[ACTIVITY] Leave out any picture and return the remaining listing below exactly as given.

[GIVEN MATERIAL]
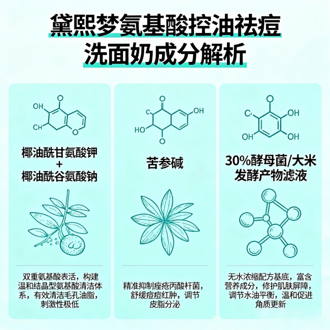 咱们油痘肌最烦的就是两件事:出油多和长痘痘。黛熙梦氨基酸控油祛痘洗面奶的配方正好针对这两个痛点,而且是“科学配比、协同作战”。
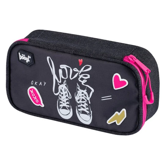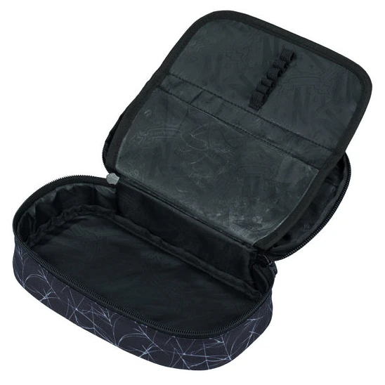 Sztywny piórnik szkolny Etue czeskiej marki Baagl jest przeznaczony zarówno dla dziewcząt, jak i chłopców. Etui zapinane na zamek błyskawiczny, z podwójną, rozkładaną klapką, praktycznymi gumkami, kieszonką na suwak i kieszonką na plan lekcji wewnątrz.
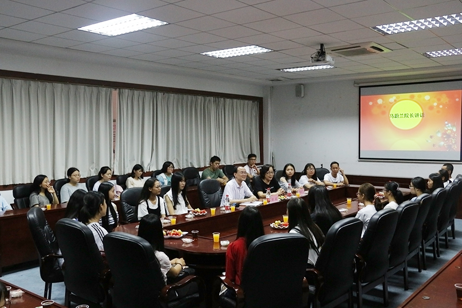 值此中秋、国庆双节来临之际,9月21日下午三点,suncitygroup太阳新城在第二行政楼308举行了以“迎中秋,贺国庆”为主题的师生座谈会。出席本次座谈会的有suncitygroup太阳新城马蔚兰院长、党总支徐超书记、学院团委书记雷肖茹、学生会指导老师郑灿玲、刘丽萍、戴玮、刘万里等老师以及各年级学生代表五十余人。

[EXERCISE RESULT]
 咱们油痘肌最烦的就是两件事:出油多和长痘痘。黛熙梦氨基酸控油祛痘洗面奶的配方正好针对这两个痛点,而且是“科学配比、协同作战”。
 Sztywny piórnik szkolny Etue czeskiej marki Baagl jest przeznaczony zarówno dla dziewcząt, jak i chłopców. Etui zapinane na zamek błyskawiczny, z podwójną, rozkładaną klapką, praktycznymi gumkami, kieszonką na suwak i kieszonką na plan lekcji wewnątrz.
 值此中秋、国庆双节来临之际,9月21日下午三点,suncitygroup太阳新城在第二行政楼308举行了以“迎中秋,贺国庆”为主题的师生座谈会。出席本次座谈会的有suncitygroup太阳新城马蔚兰院长、党总支徐超书记、学院团委书记雷肖茹、学生会指导老师郑灿玲、刘丽萍、戴玮、刘万里等老师以及各年级学生代表五十余人。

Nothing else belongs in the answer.